Maturities of Long-Term Debt Loan Payments
202799,063 
Total$99,063 

Derivatives and Hedging

The Company is subject to interest rate risk as all outstanding borrowings under the Credit Agreement are subject to a variable rate of interest. On September 30, 2021, the Company entered into an interest rate cap agreement to manage its exposure to the variable rate of interest with a total notional value of $87.5 million. This interest rate cap agreement, designated as a cash flow hedge, provides the Company with interest rate protection in the event the LIBOR rate exceeds 2.0%. The interest rate cap was effective October 1, 2021 and will expire on January 1, 2025.
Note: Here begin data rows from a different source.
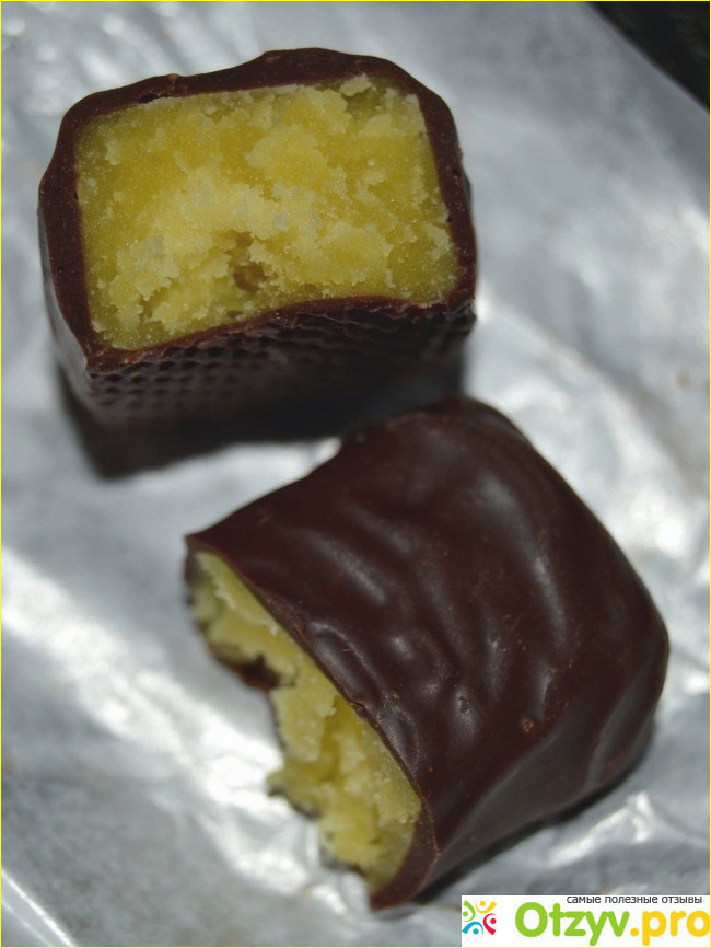 А вот начинка порадовала. Кисло-сладкая с приятным лимонным послевкусием. Не лимонный кислоты, а именно лимончика. Легко растирается во рту. Я бы одну начинку из этой конфетки ела. Эта кислинка не даёт конфетке быть приторной не смотря на всю свою сладость. А глазурь только всё портит.
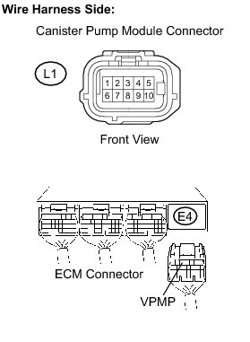 B -- CHECK HARNESS AND CONNECTOR (ECM - CANISTER PUMP MODULE)
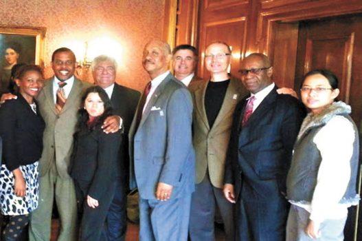 朱寶註冊會計師(右一)和紐約州參議員參加第二屆紐約州註冊會計師協會立法早餐會議。
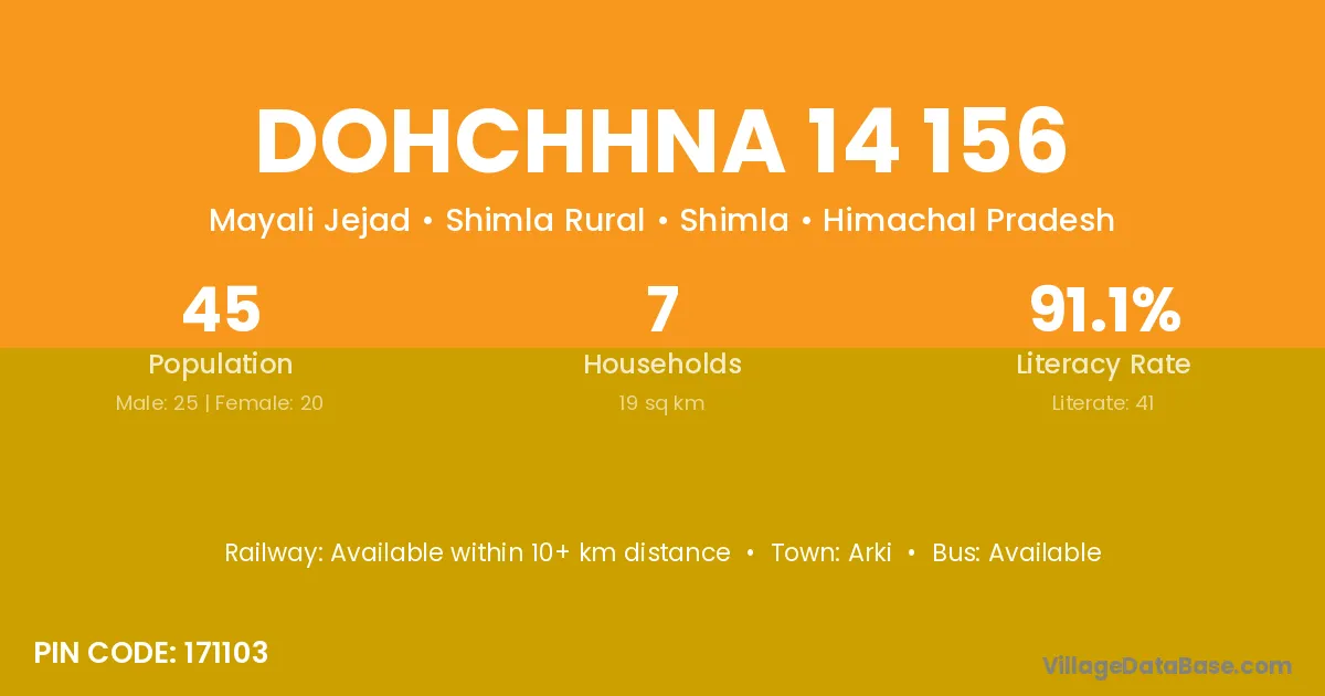 Dohchhna 14 156 village has a total population of 45 people, of which 25 are males and 20 are females.

Changes in the fair value of the interest rate cap designated as a hedging instrument that effectively offset the variability of cash flows associated with the Company’s variable-rate, long-term debt obligations are reported in accumulated other comprehensive income. These amounts subsequently are reclassified into interest expense as a yield adjustment of the hedged interest payments in the same period in which the related interest affects earnings.

At December 31, 2022, the $4.5 million fair value of the interest rate cap is recorded in other assets in the Consolidated Balance Sheets. The unrealized gain of $3.0 million is included within other comprehensive income.

For the year ended December 31, 2022, the Company reclassified approximately $0.5 million from other comprehensive income to interest expense. The Company estimates that approximately $2.6 million will be reclassified from accumulated other comprehensive income into interest expense during the next twelve months.